The fourth and fifth Chucky movies brought the series more towards horror-comedy, but this went back to the roots of the franchise and is a relatively serious horror film. It was also the first one to be direct-to-video and the first to be shot digitally.
Despite being less comedic, it doesn't take itself too seriously and manages to strike an appropriate tone.

Bride and Seed of Chucky introduced a family for the title character, but Curse goes back to having him as the only talking doll.
It was directed by Don Mancini, who created Chucky, has written all the films, and directed Seed of Chucky.

Brad Dourif returns as the voice of Chucky and even appears in the flesh for the first time in the series since the original Child's Play. It's pretty cool to see him, but it looks a little odd as they try to recreate his look from the time period.
Brad's daughter, Fiona Dourif plays the lead role. This may seem like nepotism that could hurt the quality of the film, but these movies don't require Oscar-level acting and she had already appeared on shows like Deadwood and Law and Order: SVU. She even had a small part in P.T. Anderson's The Master.

She actually does a pretty good job, considering she was relatively inexperienced at the time and the film largely centers around her character.
This was described early on in development as a reboot or a remake and it seems like it could be at first, but by the end, it's clear that it takes place in the same continuity as the previous installments and there are plenty of neat homages and references to the other Chucky movies.

Saturday, April 8, 2017

Seed of Chucky (2004): Mini-Review

The fifth installment of the Chucky franchise is a decent entry but doesn't really stay true to the roots of the series. The 4th film started the slide into comedy, but this one, directed by Don Mancini, goes all the way.

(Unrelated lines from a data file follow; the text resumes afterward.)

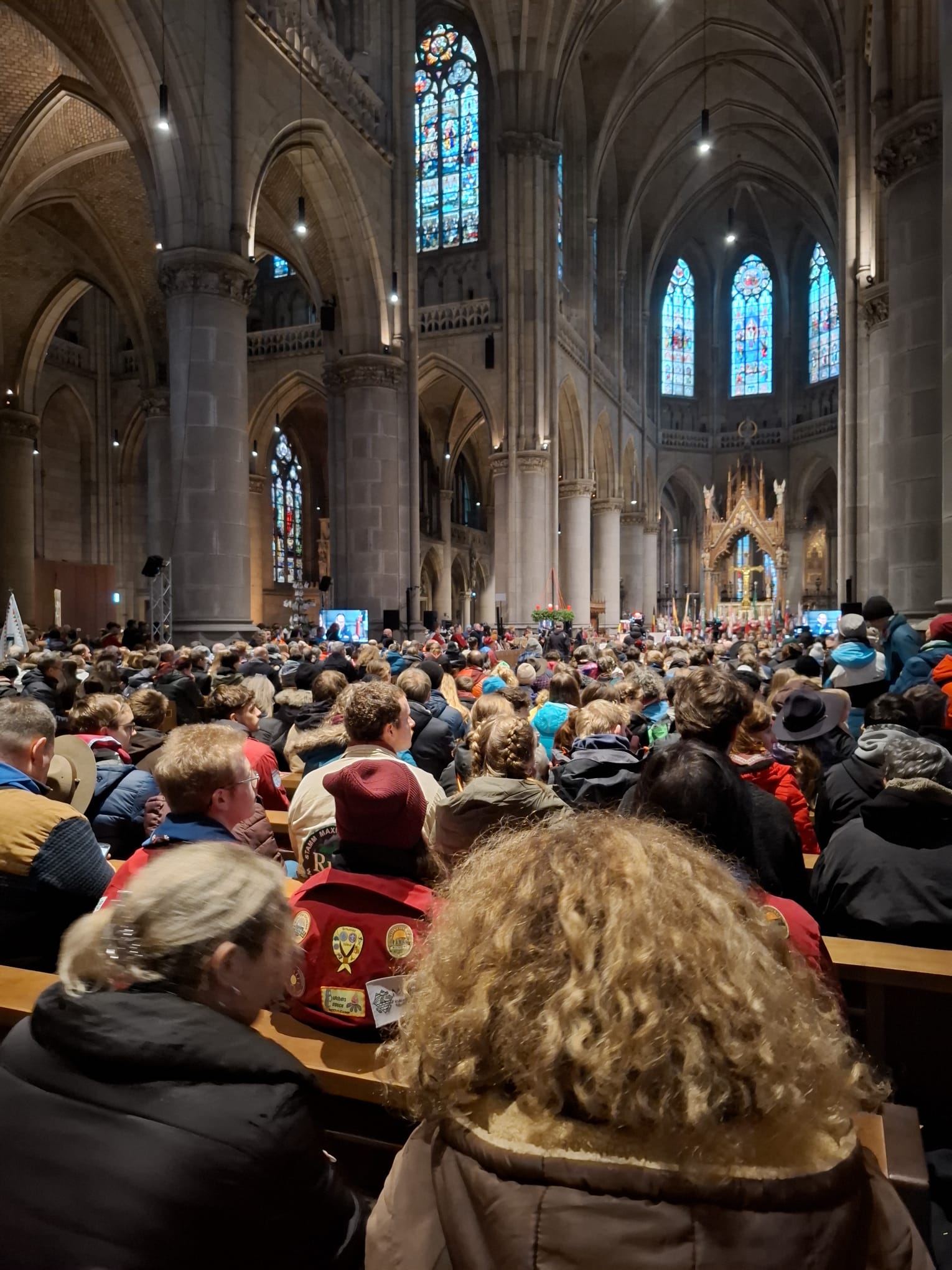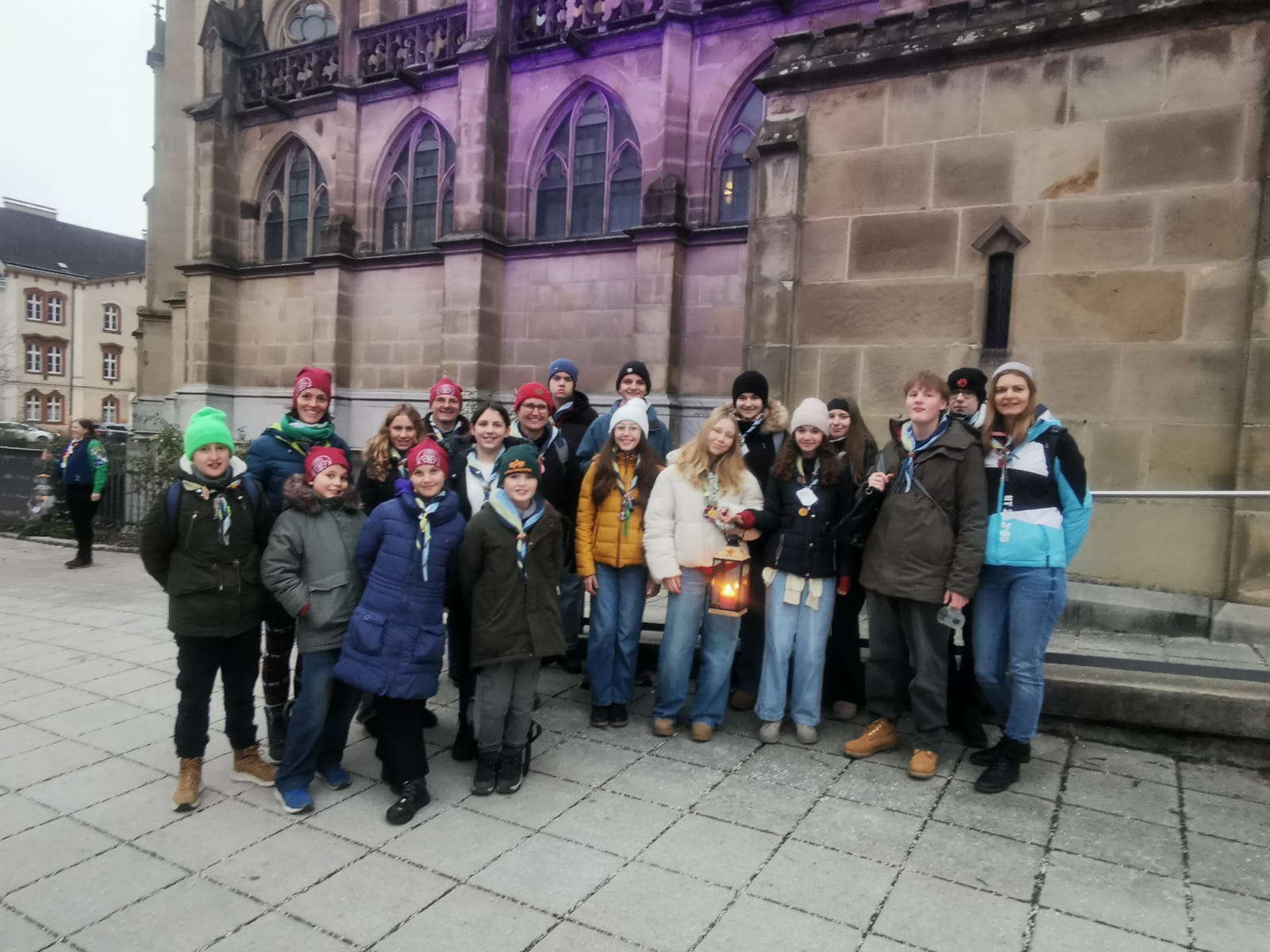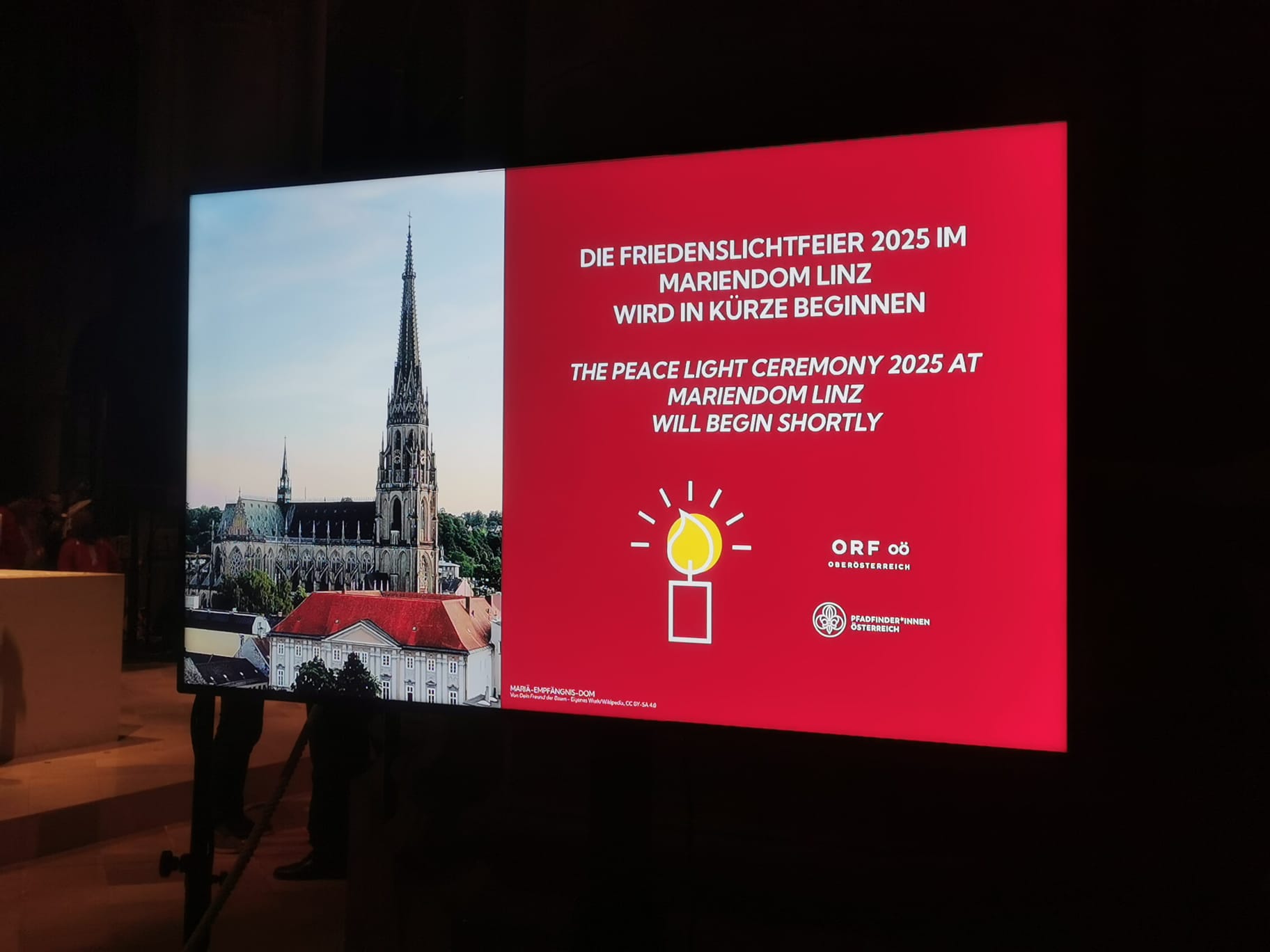 CaEx und GuSp machten sich am frühen Nachmittag des 6. Dezember auf den Weg zum Mariendom in Linz zur Friedenslichtfeier der Pfadfinder. Der Dom war bis zum letzten Stehplatz gefüllt mit Pfadfindern aus der ganzen Welt.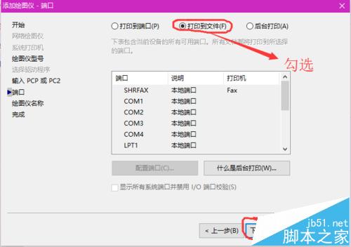 7、在“端口”中,勾选“打印到文件”,点击“下一步”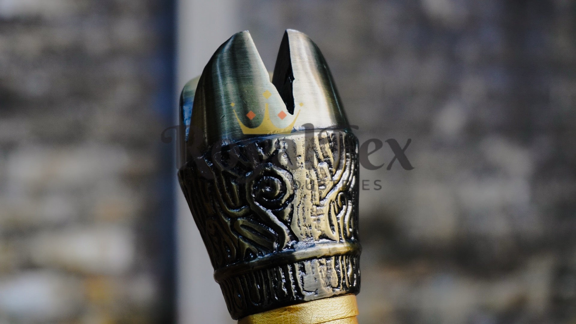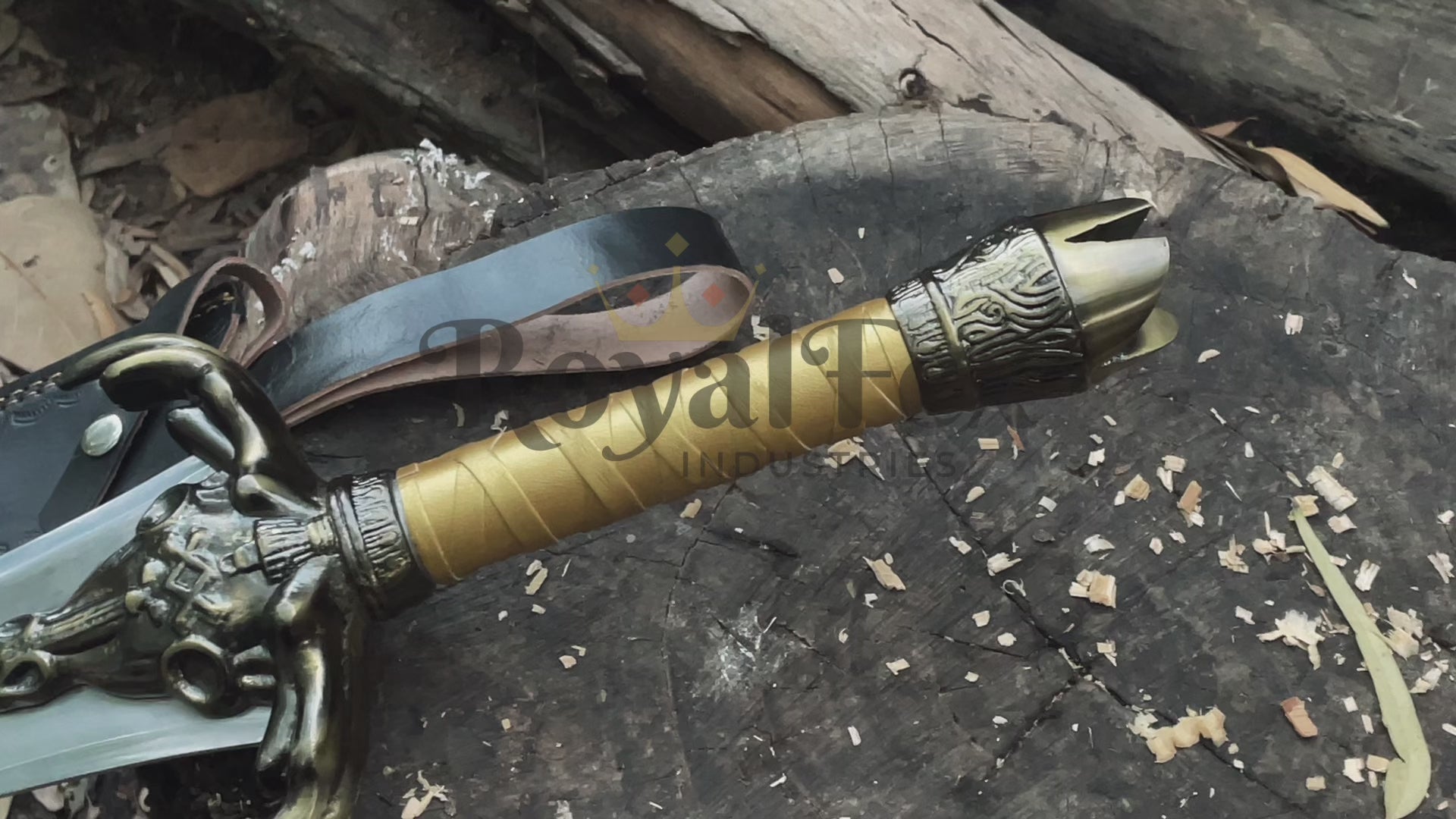 Conan Father's Sword is a large, one-handed sword with a curved blade and a intricate hilt. The hilt is made of metal and features a skull motif, as well as a pair of horns. The grip is wrapped in brown leather. The sword is made of 1095 high carbon steel and has a hardness of 52 HRC.Features:* Overall length: 40 Inches* Hand Crafted High Quality Construction* Medieval Replica Sword* Choose between Half Tang or Full Tang- no Rat tail constructionUnleash your inner barbarian with this epic replica!Crafted to embody the raw power and ferocity of the legendary Cimmerian, this Conan the Barbarian sword is a masterpiece of craftsmanship and a must-have for collectors, fantasy enthusiasts, and martial artists alike.Hand-forged from 1095 high carbon steel and tempered to a formidable 52 HRC, this 40-inch sword is not only a stunning display piece but also a testament to durability and strength.Key Features:Authentic Replica: Meticulously crafted to mirror the sword wielded by Arnold Schwarzenegger in the classic 1980s film.Uncompromising Quality: Forged by skilled artisans using traditional methods for unmatched durability and edge retention.Impressive Size: At 40 inches overall, this sword commands attention and makes a bold statement.Intricate Design: The ornate hilt and pommel are adorned with intricate details, bringing the character of Conan to life.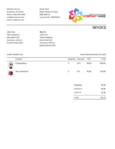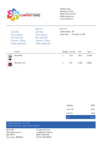 Like the Modern template, this template includes additional columns: 2 extra columns in the header that can be used to display company & bank information. By default, all prices are excluding vat, and the percentage of vat is displayed for each product. Different tax classes are split out in the totals. This template aims to be as complete as possible in displaying prices and taxes to meet more strict tax regulations.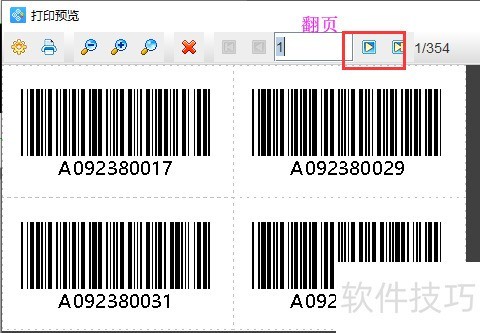 5、 在条码软件中进行打印预览,可查看批量生成的Code32条码,通过翻页能逐一核对从Excel导入的数据条数,导入多少条数据即可生成对应数量的条码。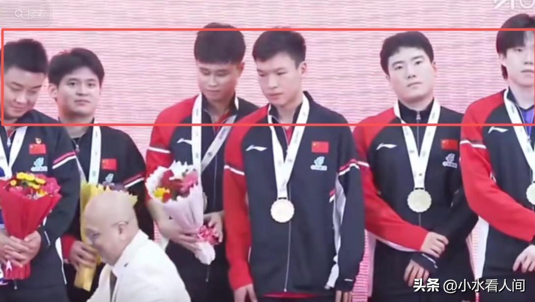 而且林诗栋还被颁奖的花臭到表情失控,队员们个个脸上写着“快点结束吧”。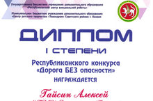 Дипломом 1 степени награждается Гайсин Алексей, за участие в Республиканском конкурсе "Дорога безопасности". Поздравляем тебя Алексей.Желаем дальнейших тебе успехов.
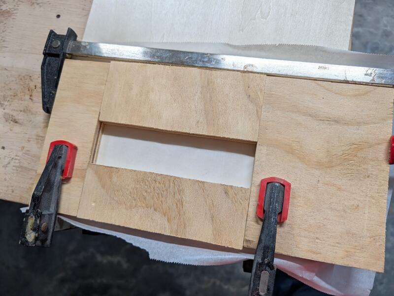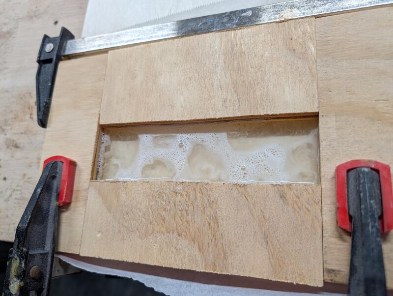 - I created a simple mold for a long, thing piece of bioplastic to engrave. I made it with cut wood, parchment paper and some clamps.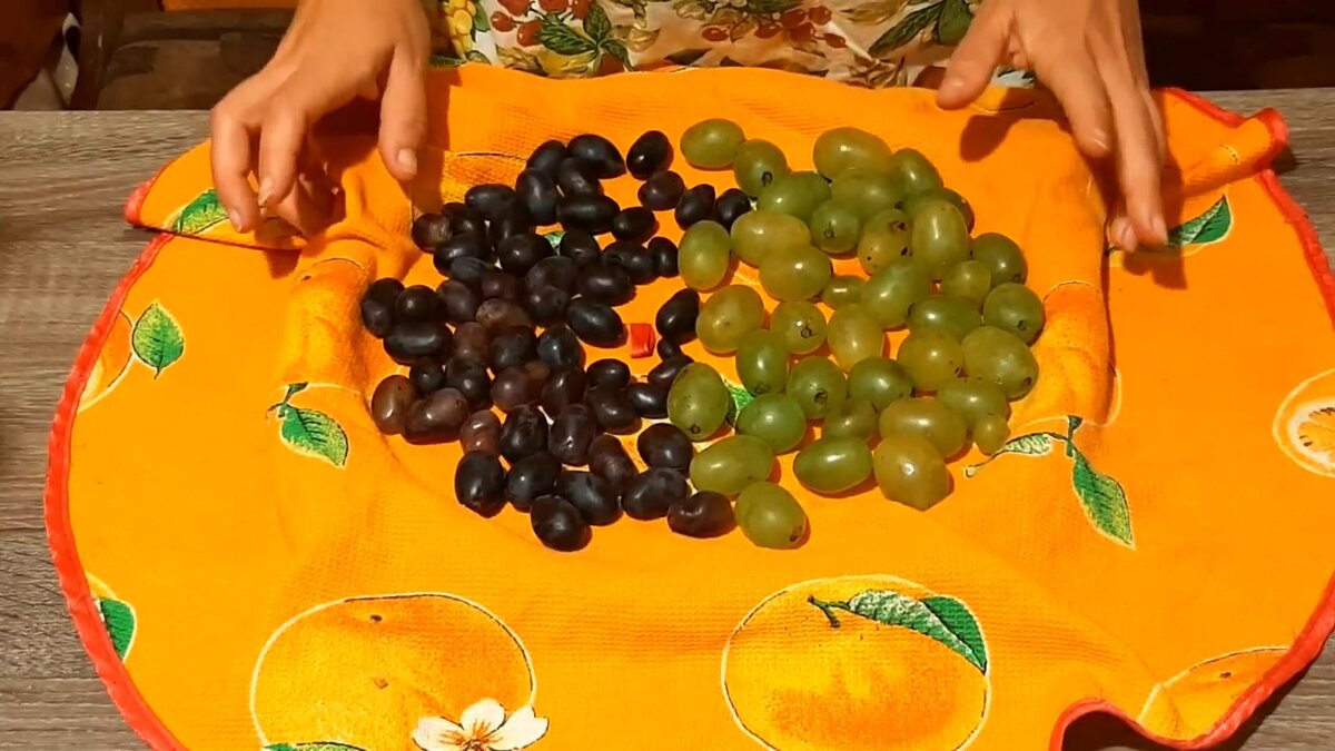 Многие хозяйки в своих кладовых уже заготовили целый арсенал баночек с огурцами, помидорами, кабачками и баклажанами, а также различные варенья и джемы. И вот сейчас уже можно сделать что-то необычное, что разнообразит Ваш стол, удивит гостей и придаст привычным блюдам новые краски вкуса! Готовлю маринованный виноград, который внешне выглядит как оливки. Подходит в качестве дополнения к мясу и сыру, его можно добавлять в салаты и готовить симпатичные канапе 😊. И сейчас самое время, чтобы запастись этой необычной консервацией. Подробности вы можете посмотреть в этом коротком видео: Что же нам понадобится: на каждую 0,5 л банку: Способ приготовления: Шаг 1: Виноград для этого рецепта подходит плотный, и не перезревший. Отделяю ягоды от веточек, тщательно мою и раскладываю на полотенце, чтобы он подсох. Шаг 2: На дно чистых банок я кладу по лавровому листику и заполняю баночку виноградом. Шаг 3: Виноград заливаю кипятком, нарываю баночки крышками и даю постоять 10 минут. Шаг 4: Через 10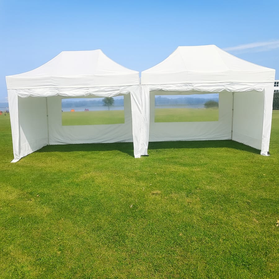 *temporary photo for illustration purposes only* 3m x 9m White Party Gazebo for times when 3m x 4.5m simply is not big enough.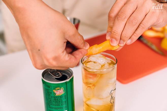 5. 이렇게 마무리를 할 수도 있지만 좀 더 색다른 풍미를 원한다면 가니쉬를 하자. 레몬, 라임 등의 껍질을 얇게 벗겨 두 손으로 잡고 뿌려주면 껍질에 있던 오일이 스프레이처럼 뿜어져 나오는데, 이걸 얼음 위에 뿌려주면 하이볼에 상큼하고 신선한 향을 더할 수 있다. 맛에 직접 상큼함을 더하고 싶다면 웨지 형태로 자른 과육을 짜서 넣어보자. 레몬을 ⅙ 정도 크기의 웨지 모양으로 자르고 즙을 내면 5~7mL 정도 나오는데, 이렇게 즙을 짜고 남은 과육도 그대로 넣어주면 좋다. 웨지 형태의 가니쉬는 얼음을 넣기 전에 먼저 넣기를 추천한다. 마지막에 넣으면 마실 때마다 큼지막한 과육이 입에 닿아 식감이 좋지 않을 수 있다.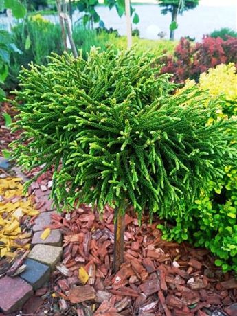 Cryptomeria japonica 'Little Sonja' - kryptomerie pochází původem z Japonska a jedná se povětšinou  o velké stromy, které mohou  dosahovat i 45 metrů. To však od ,,malé Soni,, nečekejte. V dospělosti bude tato slečna potřebovat do výšky jen cca 1 metr  a tak vás ze zahrady rozhodně nevystěhuje. Jedná se o stálezeleného zakrslíka, který má krátké šídlovité listy spirálovitě uspořádané kolem větví a jejich jasně svěží zelená barva se na podzim mění na bronzovou. Ideální bude slunečné stanoviště a propustná hlinitopísčitá  půda. Během sezon přihnojujte hnojivem na stálezelené rostliny a jehličnany. V našich podmínkách je plně mrazuvzdorná.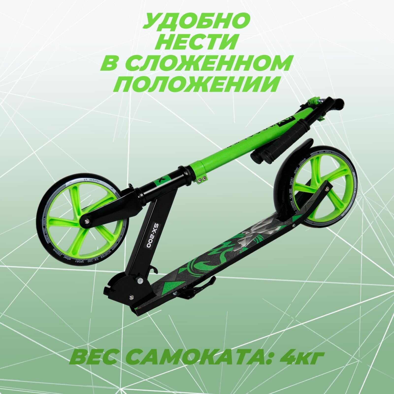 Самокат двухколесный детский, складной, 200 мм, зеленый интересное: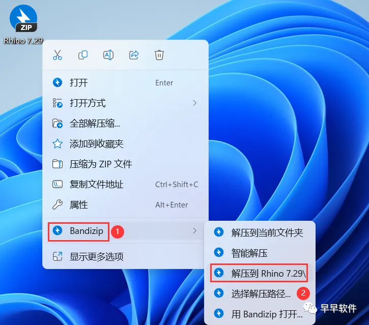 1、下载Rhino 7.29软件安装包到电脑上,右键选择【解压到Rhino 7.29\】
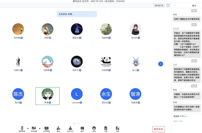 2020年5月16日19:00-22:00,第166期“爱智求真读书会”活动在腾讯会议线上平台举行。本期读书会的主题是“先验理念的第三个冲突”,研读的文本是康德的《纯粹理性批判》(2004年版)。本次读书会采取线上进行,多人领读模式,由胡好老师主持,Hanime 王炜和尚兴红同学领读。清华大学、中国人民大学、华中科技大学等其他高校的师生参与了本次活动。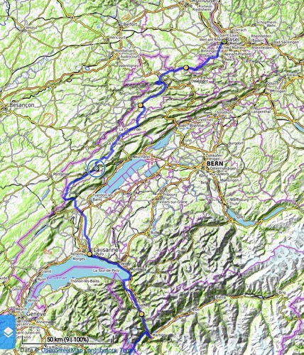 Mit dem Direktzug nach Basel soll die Reise starten. Die schweizer Veloroute 7 bringt mich über 250 km durch das Jura nach Lausanne am Genfer See. Von dort will ich dem Rhone-Radweg bis Martigny folgen. Dann geht es hinauf nach Chamonix-Mont-Blanc und über Passy nach Albertville.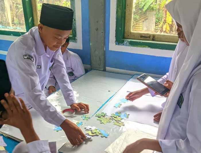 Siswa kelas VII A MTsN 8 Bungo mengikuti pembelajaran Bahasa Indonesia yang berbeda dari biasanya pada hari yang penuh semangat. Dalam kegiatan ini, mereka didampingi oleh guru mata pelajaran, Ibu Nurul Hidayah, S.Pd., untuk mempelajari materi Teks Deskripsi dengan metode kreatif, yaitu menyusun puzzle.

Jennifer Tilly joined the franchise in the fourth movie as well, and she stars in this one. She is great as always and it definitely one of the highlights of the series in my book.

Brad Dourif also returns as the voice of Chucky and is fantastic as always.

For some reason, a lot of horror franchises in this era had films starring rappers. Halloween H20 had LL Cool J, Halloween: Resurrection had Busta Rhymes, and Seed of Chucky has Redman.

There is a significant subplot involving Redman playing himself and directing a movie that Jennifer Tilly, also as herself, is trying to get a role in. It's pretty funny that the role is for the Virgin Mary.

Tilly playing herself adds a bit of a meta quality and a convenient way for her to still appear in the flesh despite the events of the previous film. John Waters also appears in a small role and it's always entertaining seeing him, but it did feel a bit random.

The film centers around Chucky and Tiffany's child named Glen, while also going by Glenda at times in a fun reference to the classic B-movie Glen or Glenda. The character is pretty goofy and I'm not sure how I feel about his design.

Also, there's a lame bit about Britney Spears that feels out of place and seemed just to be an attempt at referencing someone in pop culture.

Seed of Chucky only has a 32 percent on Rotten Tomatoes, but this isn't surprising as somewhat silly horror films like these usually don't get great reviews. The IMDB rating is a bit better at 4.9 out of 10.

Overall the film is entertaining and has quite a few funny moments. If you liked the previous films in the series, you'd probably enjoy this one. Just keep in mind it's much more like the 4th than the original trilogy.